Directions for this task: Copy nothing but the text: reproduce each line of the listing exactly and leave the pictures out.

Data segment:

::::::::::

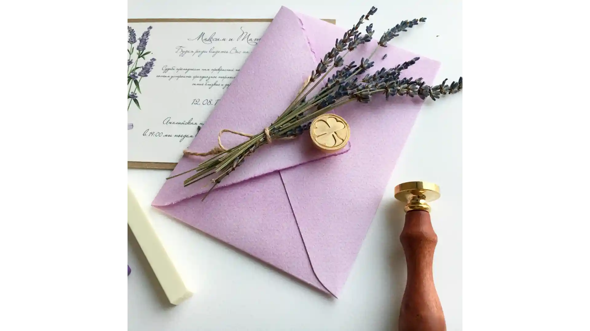 При оформлении пригласительных идеальным решением будет использовать кружево, веточки лаванды. Приветствуется ручная работа, а не применение стандартных открыток. Используются оттенки фиолетового, за основу лучше взять пастельные тона. Общий фон создается при помощи молочного и светло-серого, яркие детали добавит оливковый, сиреневый или терракот.
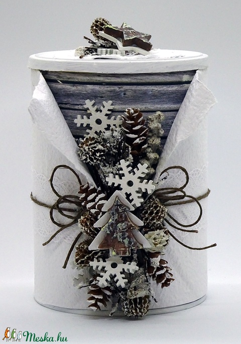 fémdoboz, konzerv doboz, merített papír, kreatív karton, termések, fa díszek, kerámia díszek, csipke, kenderzsinór, akril
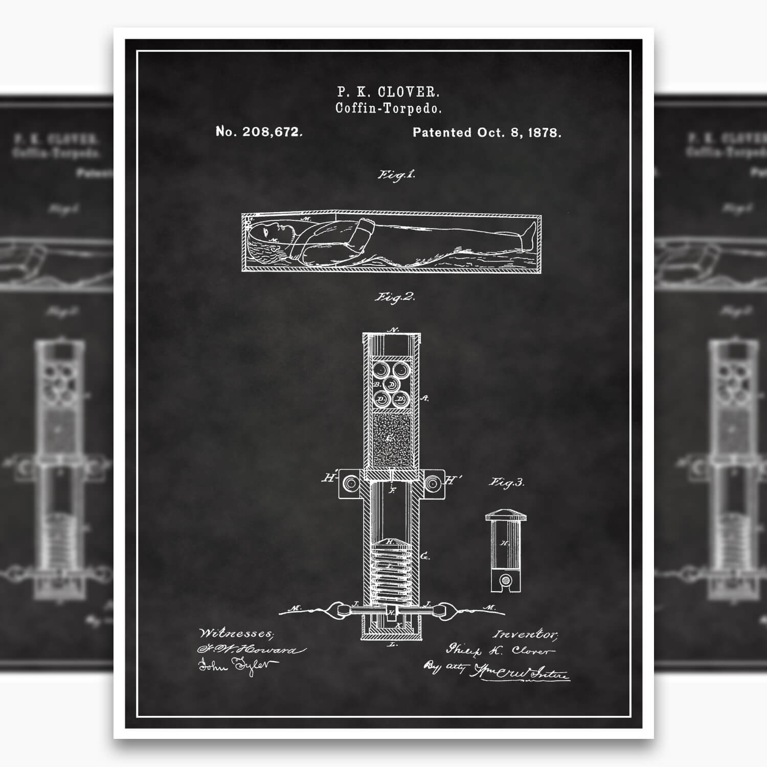 Introducing our Corpse Torpedo Patent Poster, featuring the original patent blueprint by inventor P K Clover. With attention to detail and captivating design, this patent poster is a remarkable centerpiece for horror enthusiasts, collectors, and macabre lovers. Showcase your admiration for everything spooky with the Corpse Torpedo Patent Poster, beautifully rendered on 260 GSM Semi-Gloss Photo Paper.
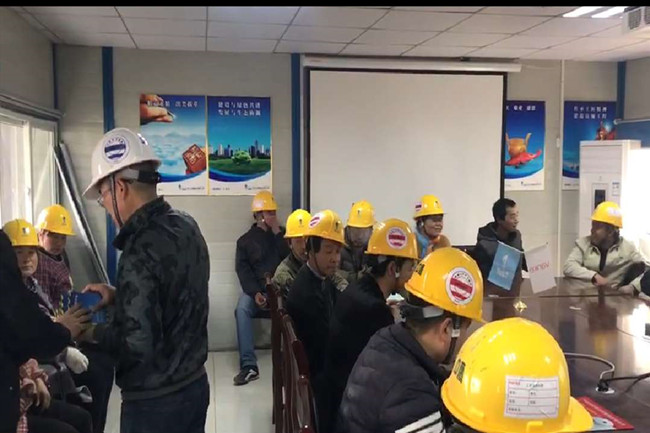 时,在项目部会议室进行消防演习总动员,发放安全生产手册,部署演习项目内容,听取消防教员讲授灭火器种类和使用方法知识。随后,全体人员紧随消防教员来到固定火源操作台前进行灭火演习。

::::::::::

Solved problem:
 При оформлении пригласительных идеальным решением будет использовать кружево, веточки лаванды. Приветствуется ручная работа, а не применение стандартных открыток. Используются оттенки фиолетового, за основу лучше взять пастельные тона. Общий фон создается при помощи молочного и светло-серого, яркие детали добавит оливковый, сиреневый или терракот.
 fémdoboz, konzerv doboz, merített papír, kreatív karton, termések, fa díszek, kerámia díszek, csipke, kenderzsinór, akril
 Introducing our Corpse Torpedo Patent Poster, featuring the original patent blueprint by inventor P K Clover. With attention to detail and captivating design, this patent poster is a remarkable centerpiece for horror enthusiasts, collectors, and macabre lovers. Showcase your admiration for everything spooky with the Corpse Torpedo Patent Poster, beautifully rendered on 260 GSM Semi-Gloss Photo Paper.
 时,在项目部会议室进行消防演习总动员,发放安全生产手册,部署演习项目内容,听取消防教员讲授灭火器种类和使用方法知识。随后,全体人员紧随消防教员来到固定火源操作台前进行灭火演习。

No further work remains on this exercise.